Enjoying a Holiday Meal ... of Goat Liver

Celebrating the Muslim holiday of Eid in the traditional style.

ByABC News
December 21, 2007, 3:06 PM

NEW DELHI, India, Dec. 21, 2007 — -- I had one of the better meals of my life today. It's a good thing I didn't know what it was before I ate it.

I spent the day in the narrow alleys of Old Delhi, the historic capital of India and the Muslim area of India's current capital, New Delhi. It is a poor neighborhood with a majestic mosque, more bicycle rickshaws than cars, and on this day, camels walking through the streets.

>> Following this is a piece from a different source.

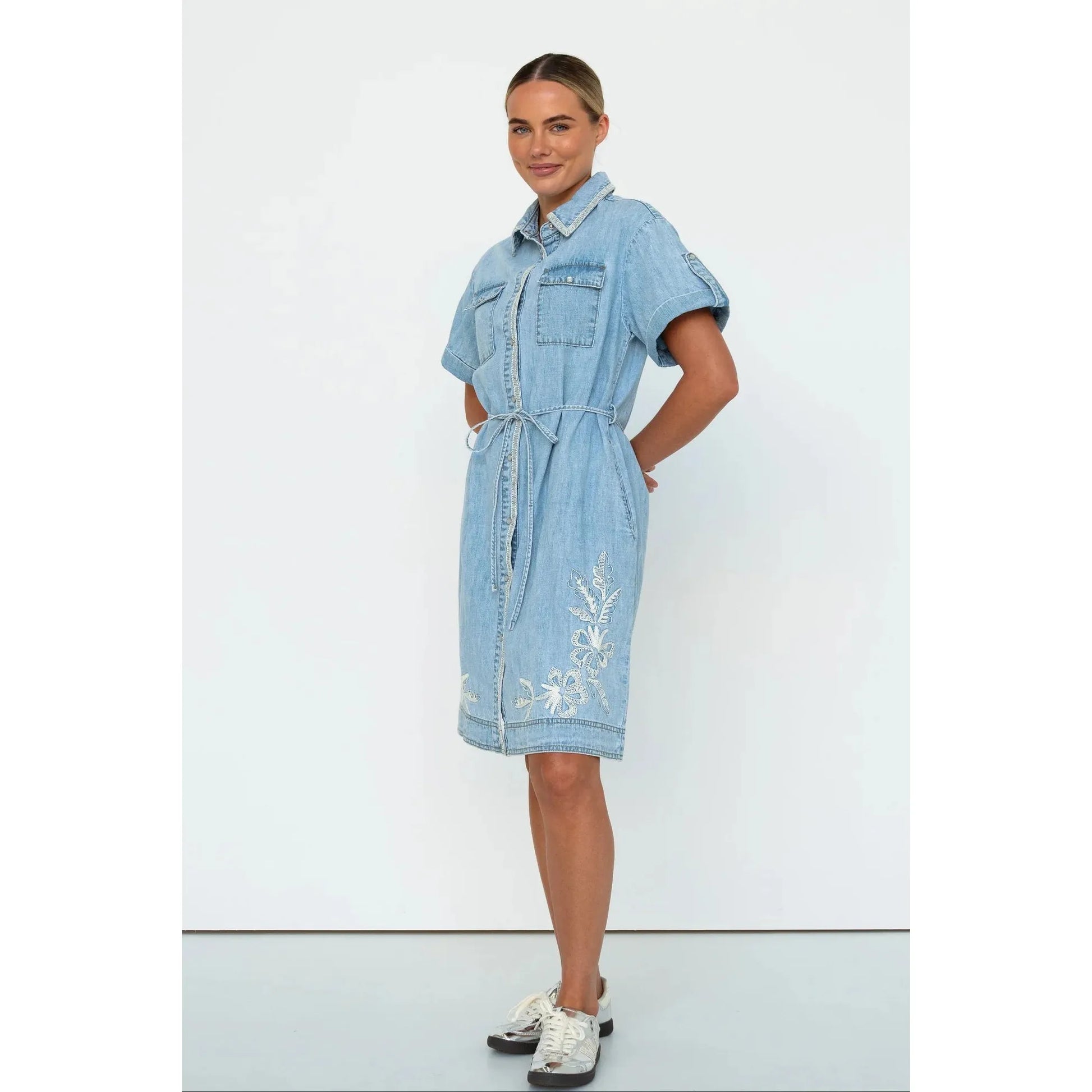 The Simone Dress is the easy mini shirtdress with a cool twist. Featuring patch utility pockets, buttons all down the front and an embroidered floral detail this is one-and-done kind of style that can be paired with sneakers for a cool, casual vibe.

Today was the final day of Eid-ul-Zuha, one of the most widely celebrated festivals in the Muslim world. It commemorates the moment when Abraham agreed to sacrifice Isaac (Ishmael in the Koran); Allah allows Abraham's son to live, replacing him with a goat at the last moment.

After that day, animal sacrifice disappeared from the Abrahamic religions the only sacrifice one needs to make is to God.

Except for today.

In the middle of Old Delhi, a normally nondescript dirt field becomes a goat market. Baby goats, adult goats, some decorated with colorful holiday tinsel, some looking a bit sickly all for sale, some for as much as a few hundred dollars.

And right outside the goat market gates sits Cartis, who is selling knives for as little as 75 cents.

He says business is good. Why? Because Muslims are supposed to buy and kill the goats (or the camels) themselves by hand. And so for 18 straight years, Cartis has spent his Eid's sharpening and selling on the side of the road.

"My knives are the best," he says, smiling.

I witnessed only one sacrifice today. A crowd had formed around a group of men holding down a camel. Violently, one of the men sawed away at the camel's neck. It eventually bled to death. No one arrived to clean up the mess.

The people who sell the goats have a good deal. The sacrificial animal must be in some way significant to the family, which today translates into pricey. Families are supposed to buy the best animal they could find, or afford.

"This holiday is about sacrificing for Allah," one seller told me. "Price is no object." Easy for him to say as he counted his money.